Apache Kafka® concepts#
A comprehensive glossary of essential Apache Kafka® terms and their meanings.
Broker#
A server that operates Apache Kafka, responsible for message storage, processing, and delivery. Typically part of a cluster for enhanced scalability and reliability, each broker functions independently but is integral to Kafka’s overall operations, separate from tools like Apache Kafka Connect.
Consumer#
An application that reads data from Apache Kafka, often processing or acting upon it. Various tools used with Apache Kafka ultimately function as either a producer or a consumer when communicating with Apache Kafka.
Consumer groups#
Groups of consumers in Apache Kafka are used to scale beyond a single application instance. Multiple instances of an application coordinate to handle messages, with each group allocated to different partitions for even workload distribution.

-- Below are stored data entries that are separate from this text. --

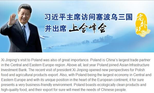 習(xí)近平對(duì)波蘭的訪問同樣意義大重大。波蘭是中國在中東歐地區(qū)的最大貿(mào)易伙伴。去年,波蘭也加入了亞洲基礎(chǔ)設(shè)施投資銀行。習(xí)主席的這次訪問將為波蘭的食品和農(nóng)產(chǎn)品出口開拓新的局面。此外,波蘭是中東歐最大的經(jīng)濟(jì)體而且位于歐洲心臟地帶,它一定能提供非常有利的經(jīng)商環(huán)境。波蘭還提供生態(tài)潔凈的產(chǎn)品和高質(zhì)量的食品,它們的出口肯定會(huì)滿足中國人民的需要。
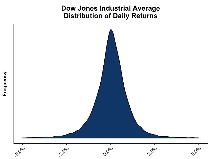 去年20180205,道瓊下跌了1175點(-4.6%),這是一個4.1標準偏差的事件,你知道這是一個機率非常小的發生機會,平均要214年才會發生一次
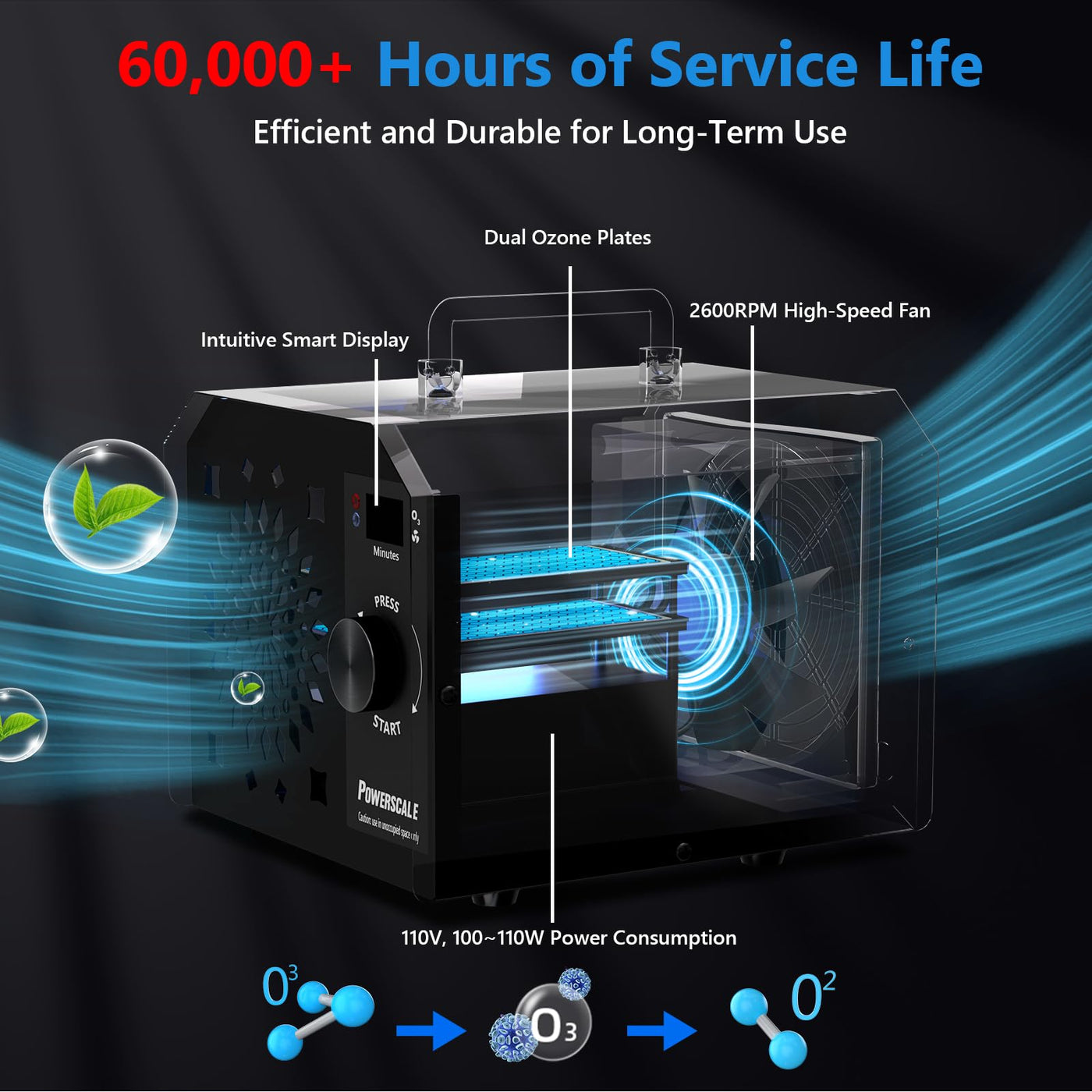 Q: Is the Powerscale ozone generator safe to use?A: Yes, this ozone generator includes a 10-second safety delay to ensure safe exit before operation begins and features automatic post-cycle ventilation to clear the air, ensuring compliance with CE, EPA, and FCC safety standards.
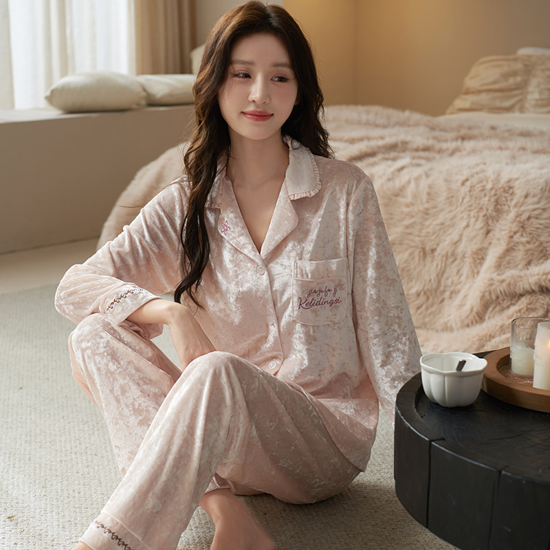 고급 동백 황금 벨벳 커플 잠옷 남자와 여자의 긴 소매 따뜻한 가을과 겨울 카디건 홈 의류 세트스토어 가기
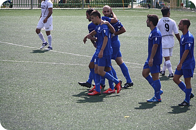 מודיעין חוגגים את השער הראשון של אסי אסולין. (צילום: פזי שינדלר)
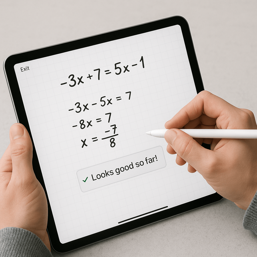 The iPad provides an ideal medium for free-form handwritten math. Unlike typing equations into a calculator or desktop tool, writing on an iPad closely mirrors the real-world classroom or tutoring experience. It’s intuitive, tactile, and removes the friction that often comes with less natural interfaces.
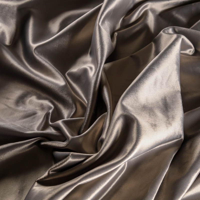 Плотный хлопковый итальянский бархат жемчужного серого оттенка со сдержанным глянцем на поверхности. Ткань очень приятная на ощупь, гладкая шлифованная поверхность, хорошо держит форму. Идеальный вариант для нарядного костюма, жакета, легкого пальто, юбки, жилета, брюк, платья-футляра.
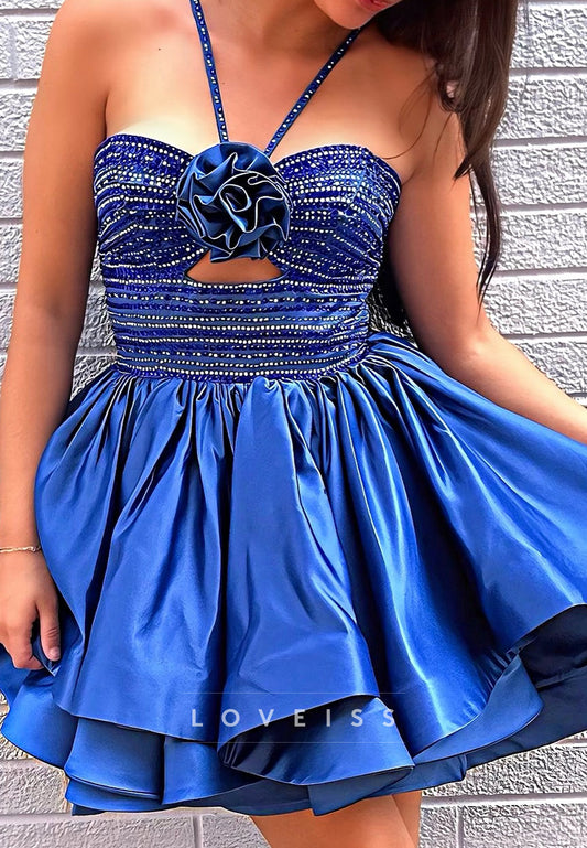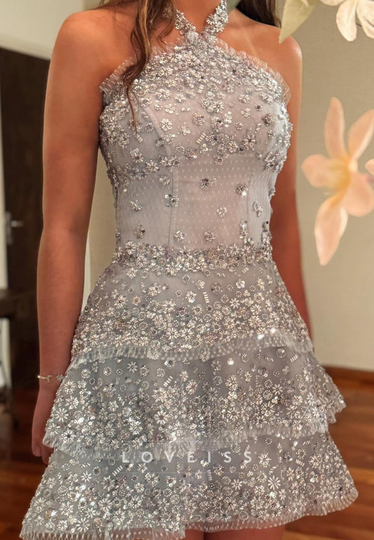 Halter Sleeveless Beaded Sparkly A-Line Short Homecoming Dress
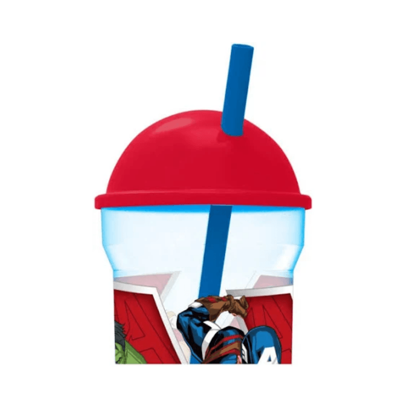 Vaso Transparente de Tapa Alta con capacidad de 460 ml y diseño Avengers. Ideal para mantener tus bebidas y llevar al cole.
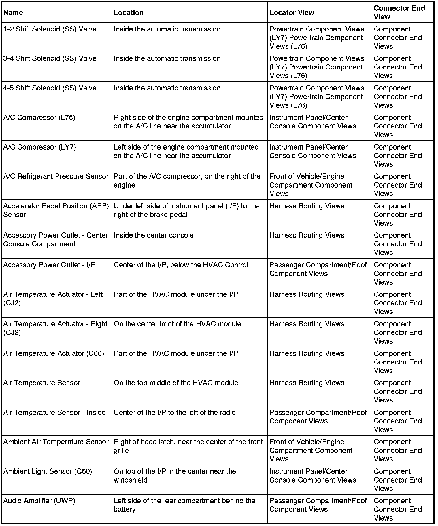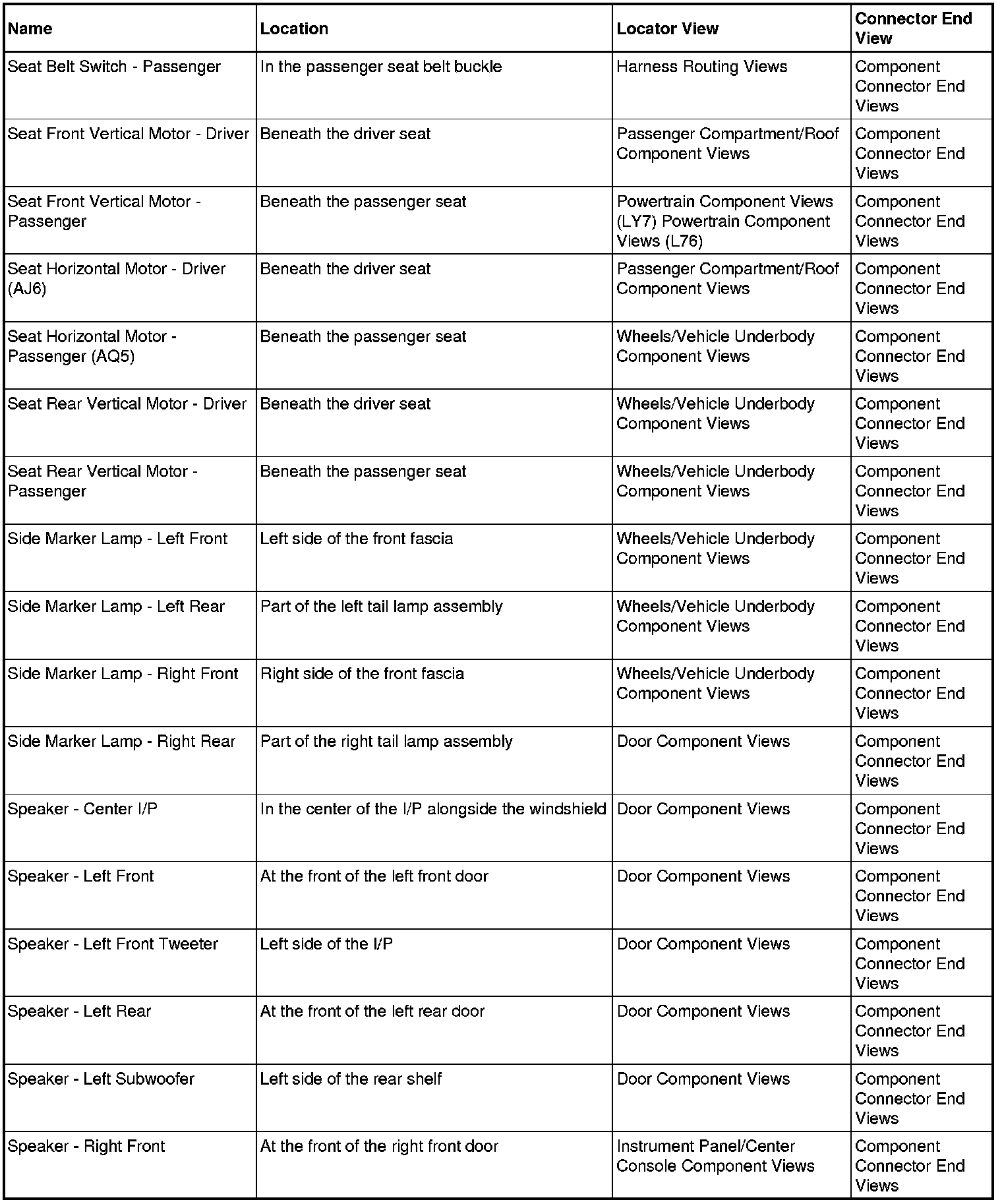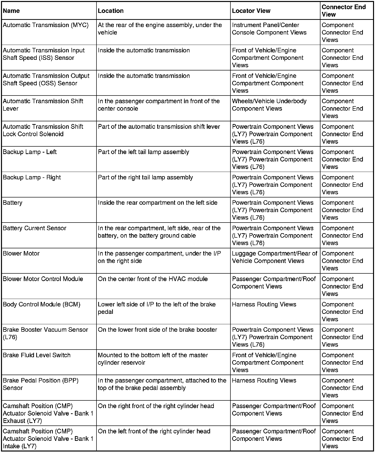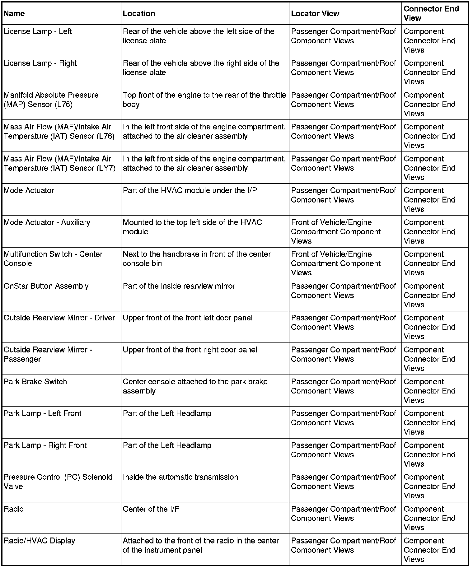 Master Electrical Component List
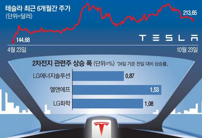 24일 국내 증시에서는 테슬라 가치사슬에 속하는 일부 2차전지 종목만 소폭 상승했다. 테슬라에 배터리를 공급하는 LG에너지솔루션은 전일 종가 대비 0.87% 오른 40만6500원으로 거래를 마쳤다. LG에너지솔루션에 양극재를 공급하는 LG화학은 1.08% 상승한 32만8000원을 기록했다.
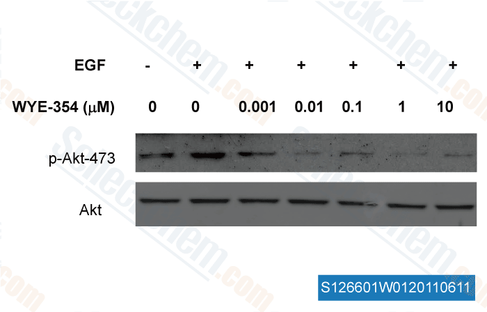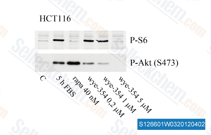 | in vitro | WYE-354 also inhibits several PI3Ks at micromolar levels. In HEK293 cells, this compound (0.2 μM–5 μM) effectively inhibits both mTORC1 and mTORC2. It (0.3 μM–10 μM) significantly blocks mTOR signaling and Akt activation in U87MG and MDA361 cells. Furthermore, this chemical potently inhibits proliferation in tumor cell lines including MDA-MB-361, MDA-MB-231, MDA-MB-468, LNCap, A498, and HCT116, with IC50 values ranging from 0.28 μM to 2.3 μM. The apoptosis induced by this compound is accompanied by G1 cell cycle arrest and caspases activation. In endothelial HUVEC cells, it (10 nM–1 μM) also inhibits both mTORC1 and mTORC2 signaling, as revealed by dephosphorylation of S6 ribosomal protein and Akt, respectively. Furthermore, this chemical (10 nM–1 μM) activates mitogen-activated protein kinase (MAPK) signaling, which may be due to its inhibition of mTORC1. |

Event-driven architecture#
Application architecture centered around responding to and processing events.
Event#
A single discrete data unit in Apache Kafka, consisting of a value
(the message body) and often a key
(for quick identification) and headers
(metadata about the message).
Kafka node#
See Broker
Kafka server#
See Broker
Message#
See Event
Partitioning#
A method used by Apache Kafka to distribute a topic across multiple servers. Each server acts as the leader
for a partition, ensuring data sharding and message order within each partition.
Producer#
An application that writes data into Apache Kafka without concern for the data’s consumers. The data can range from well-structured to simple text, often accompanied by metadata.
Pub/sub#
A publish-subscribe messaging architecture where messages are broadcasted by publishers and received by any listening subscribers, unlike point-to-point systems.
Queueing#
A messaging system where messages are sent and received in the order they are produced. Apache Kafka maintains a watermark for each consumer to track the most recent message read.
Record#
See Event
Replication#
Apache Kafka’s feature for data replication across multiple servers, ensuring data preservation even if a server fails. This is configurable per topic.
Topic#
Logical channels in Apache Kafka through which messages are organized. Topics are named in a human-readable manner, like sensor-readings
or kubernetes-logs
.